March 5, 2020
MSU research finds a new way to hack Siri and Google Assistant with ultrasonic waves
Think twice before recharging an iPhone on a tabletop in public places, like airports and coffee shops.
Researchers at the Michigan State University College of Engineering have discovered a new way for hackers to inexpensively target personal devices and put Apple’s Siri and Google Assistant to work against smartphone owners.
Qiben Yan, assistant professor of Computer Science and Engineering, said the research team discovered a new attack factor -- inaudible vibrations that can be sent through wood, metal and glass tabletops to command voice assistant devices up to 30 feet away.
The research, SurfingAttack, was presented Feb. 24 at the Network and Distributed System Security Symposium in San Diego. View demonstration videos at SurfingAttack website.
“Hackers could use malicious ultrasonic waves to secretly control the voice assistants in your smart devices,” Yan said. “It can be activated using phrases like, ‘OK Google’ or ‘Hey Siri,’ as wake-up words. Then attack commands can be generated to control your voice assistants, like ‘read my messages,’ or make a fraud call using text-to-speech (TTS) technology.
“In other words,” Yan continued, “they can call your friends, family, and colleagues and do all sort of things – from cancelling plans to asking for money. If you are tech-savvy and own voice controllable smart home gadgets, hackers may even use your smartphones to control your smart gadgets, for example, setting home temperature or opening the garage door.”
Yan said hackers attach a low-cost piezoelectric transducer (PZT) under a table or charging station, making it possible for an attacker to inconspicuously hijack two-factor authentication codes and even place fraudulent calls.

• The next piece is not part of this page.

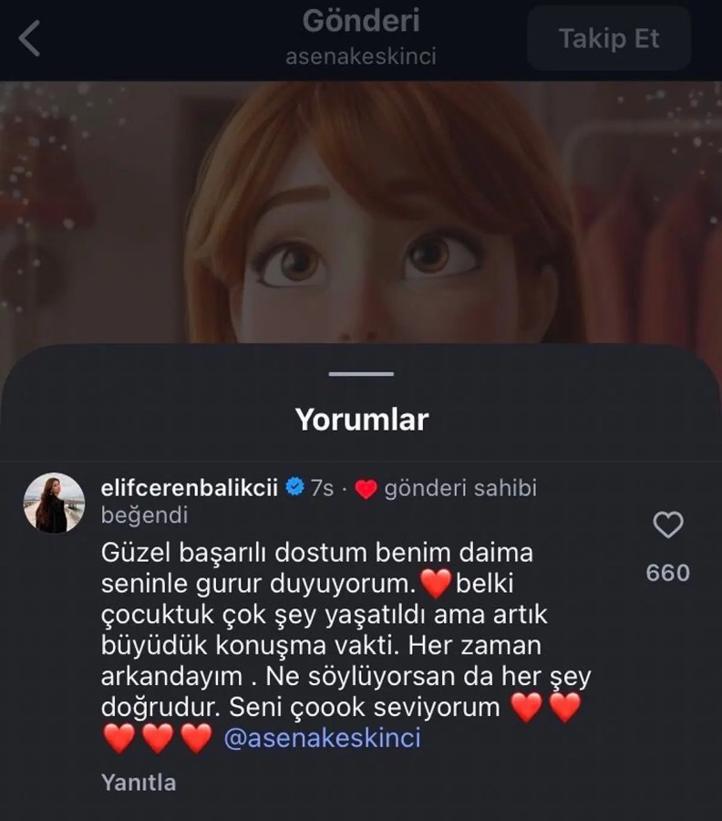 Dizide Pompirikya karakteriyle tanınan Elif Ceren Balıkçı, Asena Keskinci'ye sosyal medya üzerinden destek verdi. Balıkçı, Keskinci'nin paylaşımına yorum yaparak şu ifadeleri kullandı:

Co-author Hanqing Guo, an MSU graduate student in Computer Science and Engineering, said: “It’s pretty scary to see my phones being activated and controlled in public spaces without my knowledge. Our research exposes the insecurity of smartphone voice assistants, which everyone needs to be aware of.”
SurfingAttack worked on 15 out of 17 phone models tested, including four iPhones (5, 5s, 6 and X), the first three Google Pixels, three Xiaomis (Mi 5, Mi 8 and Mi 8 Lite), the Samsung Galaxy S7 and S9 and the Huawei Honor View 8.
Yan, who directs MSU’s Secure Intelligent Things Lab (SEIT), served as lead author of SurfingAttack. He worked in collaboration with researchers from MSU, Washington University in St. Louis, Chinese Academy of Sciences, and the University of Nebraska-Lincoln.
“Our best advice is if you are going to place your unattended phone on a table to recharge, make sure it’s not flat,” he advised. “SurfingAttack can be made less effective by simply lifting your phone up or using a soft woven tablecloth. Lean your phone on something to disrupt the ultrasonic guided waves. The fix is simple and adds a layer of security.”